What you will do
Your output should be the lines below from the one with "这些天的风一直不小,呼呼的刮着,没留神间,蛇瓜便在这浓浓的秋意中慢慢的红了" through the one with "Kids in attendance", copied exactly, pictures excluded.

*** Exercise data Section Begins ***

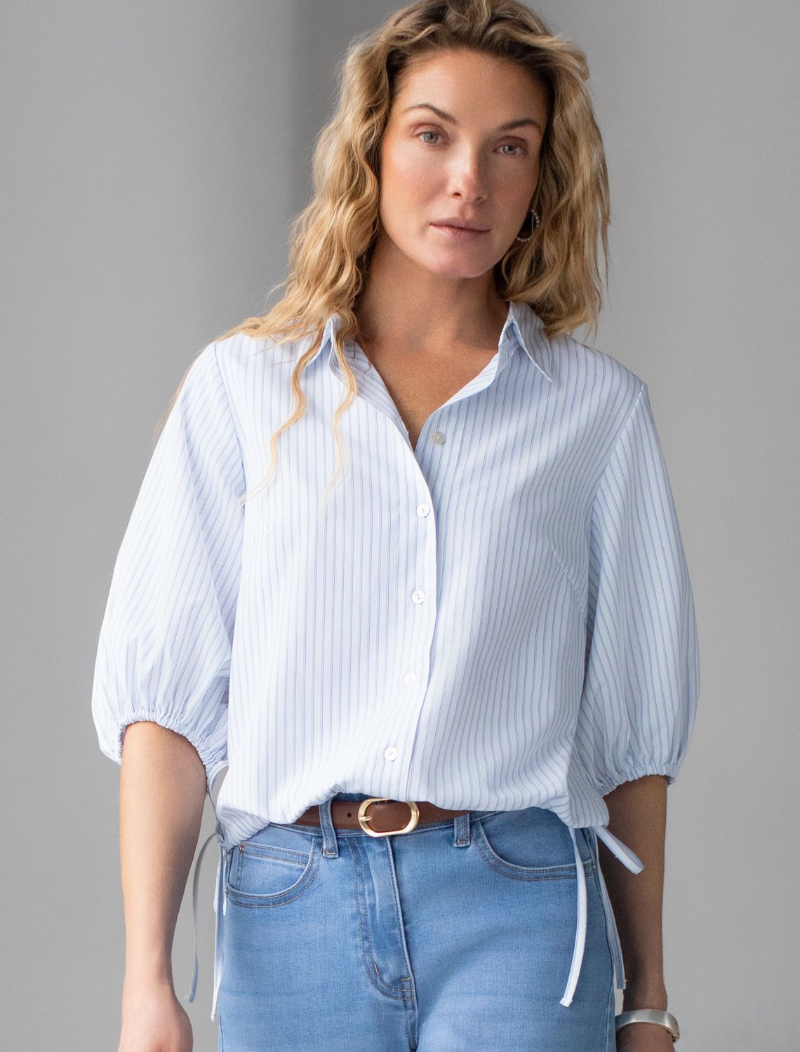 Укороченная блузка белого цвета в темно-синюю полоску из хлопка идеальна на весну и лето. Такой вид полосатой ткани называется пестротканой — полосы созданы переплетением нитей разных цветов. Смешанный состав ткани идеален для деловых блузок: хлопок приятен к телу, полиэстер повышает долговечность. Стильная модель с пышными рукавами буфами создает эффектный и женственный образ, который подойдет как для деловой работы, так и для повседневной носки. Блузка дополнена пуговицами из натурального перламутра — это экологичная долговечная фурнитура с уникальным сиянием. Практичная кулиска по низу держит форму изделия, подчеркивая талию и создавая аккуратный силуэт, а так же позволяет регулировать посадку, добавляя функциональности и удобства. Благодаря сочетанию качества материала и продуманного дизайна, рубашка хорошо сидит и на больших размерах, обеспечивая комфорт и свободу движений. Короткие рукава фонарики придают образу модный акцент, делая его более выразительным и динамичным. Натуральная ткань гарантирует комфорт и воздухопроницаемость, что особенно важно в теплое время года. белый-темно-синий
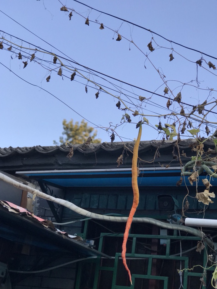这些天的风一直不小,呼呼的刮着,没留神间,蛇瓜便在这浓浓的秋意中慢慢的红了
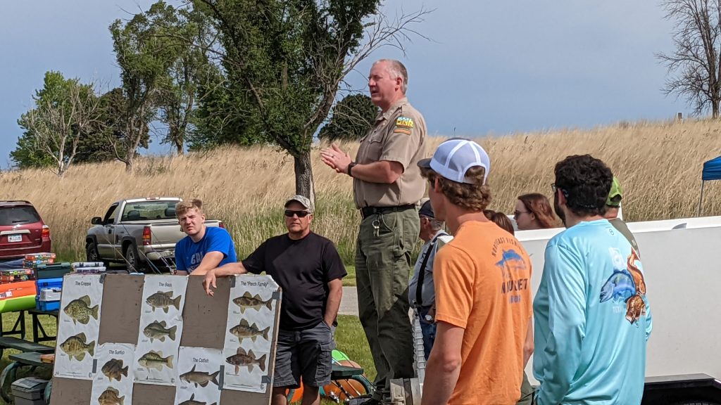 Kids in attendance heard a presentation on fish identification from Iowa DNR Fisheries Technician Mark Boucher. He used some posters to talk about the differences in fish species in Iowa and then brought out some live fish to have the kids put their identifying skills to the test.
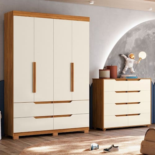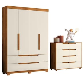 Quarto Infantil Completo Circus: composto por guarda-roupa com 04 portas, 04 gavetas com corrediças telescópicas, cabideiro em alumínio e puxadores em MDF revestidos. Acompanha cômoda com 08 gavetas, também com corrediças telescópicas e puxadores cava, que dispensam o uso de puxadores externos. Funcionalidade, charme e praticidade para o quartinho dos sonhos! Altura do Conjunto: 230 cm Ambiente Principal: Quarto Infantil codigo_ean: 7900288199270 Complexidade da Montagem: Alta: deve ser montado por um montador especializado Cor: Cinamomo / Off White Cor do Produto: Cinamomo / Off White Escala de Brilho: Fosco Informações Complementares: Cômoda Suporta 40 Kg - Vistas da Cômoda Flex Largura do Conjunto: 296 cm Linha ou Coleção: Circus Manual de Especificação Técnica: https://cdn2.madeiramadeira.com.br/atributo/albatroz-moveis/3088525-675-17532017264039.pdf Manual de Montagem e Instalação: https://cdn2.madeiramadeira.com.br/atributo/albatroz-moveis/3088812-675-17532098973043.pdf Marca: Albatroz Móveis Material Principal: MDP Medida de Cada Item: 2,30 A X 1,60 L X 0,47 P M (GUARDA ROUPA) 1,16 A X 1,36 L X 0,45 P M (CÔMODA) modular: Não Necessita Montagem: Sim O Conjunto Contém: Cômoda/Guarda-Roupa Origem do Produto: Nacional Peso: 163.35 Porta Janelada: Não Possui Portas: Sim Quantidade de Portas: 04 Recomendações de Uso, Manutenção e Limpeza: Limpar com flanela ou pano macio seco, não utilizar produtos abrasivos, desengordurantes, álcool ou solvente. Não expor o produto diretamente á luz solar e á umidade. Sistema de Montagem: Parafusos, cavilhas e minifix Suporta Até (kg): 67

*** Exercise data Section Ends ***

Expected answer
这些天的风一直不小,呼呼的刮着,没留神间,蛇瓜便在这浓浓的秋意中慢慢的红了
 Kids in attendance heard a presentation on fish identification from Iowa DNR Fisheries Technician Mark Boucher. He used some posters to talk about the differences in fish species in Iowa and then brought out some live fish to have the kids put their identifying skills to the test.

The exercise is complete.